If Albedri is forced to leave the U.S. in August, he says he's not sure what he'll do with his cat Zena.
Credit Esther Honig

Administrators at Kent State say they’ve seen this issue before. Right now, both their Iraqi and Libyan students face a similar struggle. They’ve managed to put some in touch with emergency loans or allowed them to enroll on good faith, hoping the money will eventually arrive.

Of course, there’s not much else the school can do.

“Doesn't look like the money's going to come from Libya, because it's just getting worse and worse,” Albedri says.

At this point, Albadri owes the university tuition for two semesters. In March, his inability to pay meant he was forced to drop his classes. If by August he is still unable to produce the necessary funds, he won't be allowed to enroll and will subsequently lose his student visa.

Currently, Libya is not an ideal destination for a young person trying to get an education.

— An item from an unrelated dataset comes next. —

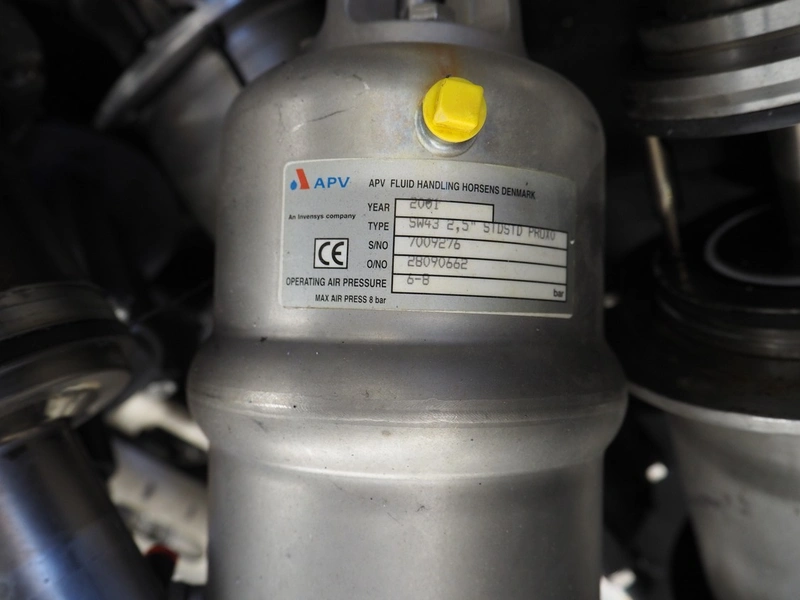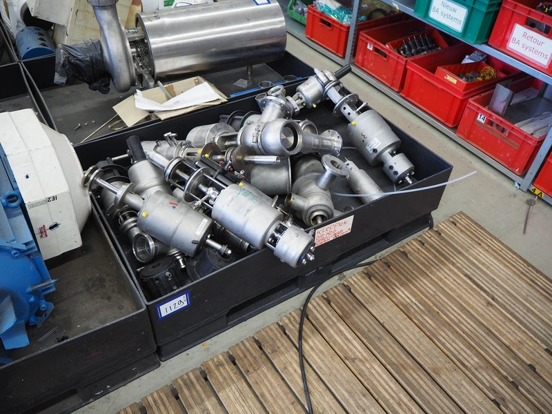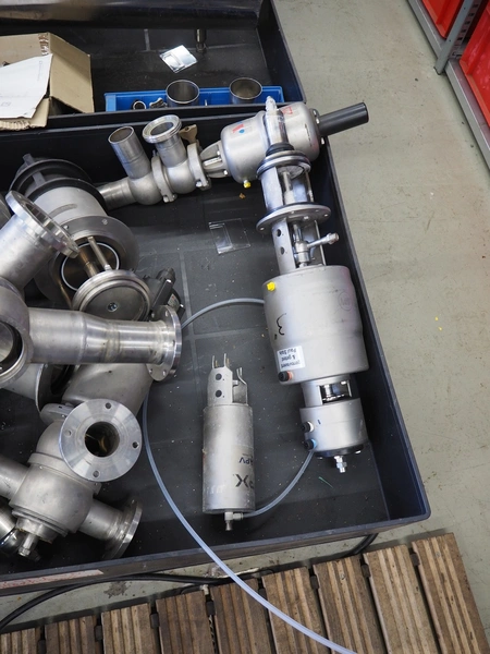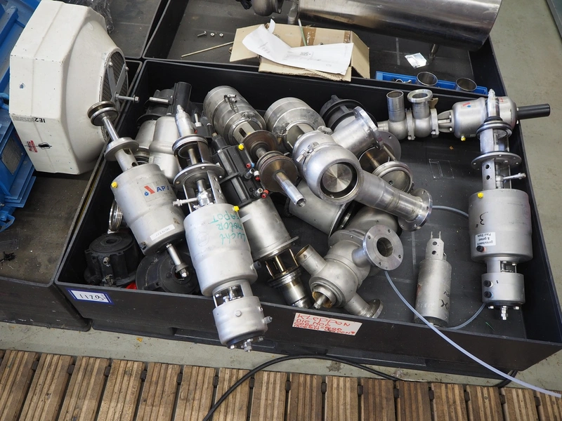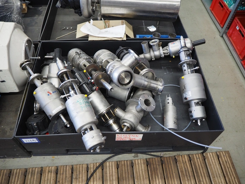 Pallet with large amount of APV valves, dimensions: 1200 mm x 800 mm x 350 mm. Technical condition unknown.

Albedri says in the city where he lives, people don’t leave their homes at night. There have been kidnappings and the local law enforcement is unresponsive.

Albedri says his cousin was kidnapped; a fisherman found his body chopped into small pieces.

“Any of my friends that I call, they tell me don’t come back," Albedri says.

Libya no longer hosts an American embassy in the country, and the Trump administration has complicated travel from Muslim majority countries including Libya.

Johnathan Winer, a former special envoy for Libya, says if Albadri loses his student visa, there’s a good chance he won’t be able to get another one.

“If I was a Libyan student who had the right to be here, I would try and make it work too,” Winer says.

It’s been several years since the country had an effective government, Winer says. In 2011, Arab Spring protests lead to the ousting of former leader Maummer Gaddafi and two subsequent civil wars. The intense conflicts have subsided, but basic services like healthcare, education and electricity are crumbing.

Arab Spring demonstrations in Libya, 2011.
Credit Wikipedia

Winer says the collapse of the oil industry has led to an economic crisis. The country has spent more money than it is able to generate, and the government is afraid of running out of hard currency.

“If they run out of dollars...the country goes into immediate humanitarian catastrophe,” Winer says.  

About 1,500 students from Libya go to school in the U.S., and their education is critical to the county’s future. Winer says that if more young people are able to earn their degrees - whether in the States, the European Union or Canada - they can return to their country and help rebuild it.

“I would like to see as many Libyan students as possible to complete educations here,” Winer says.

It may be too late for Albadri, who’s only a year away from graduating. Back home, he won’t have access to the same level of education. Poor internet, unreliable electricity and lack of computers means students there often learn to code with pen and paper.

"You know when you [have] a dream...and you’re halfway through and you wake up from the dream?" Albedri says. "That’s basically what will happen."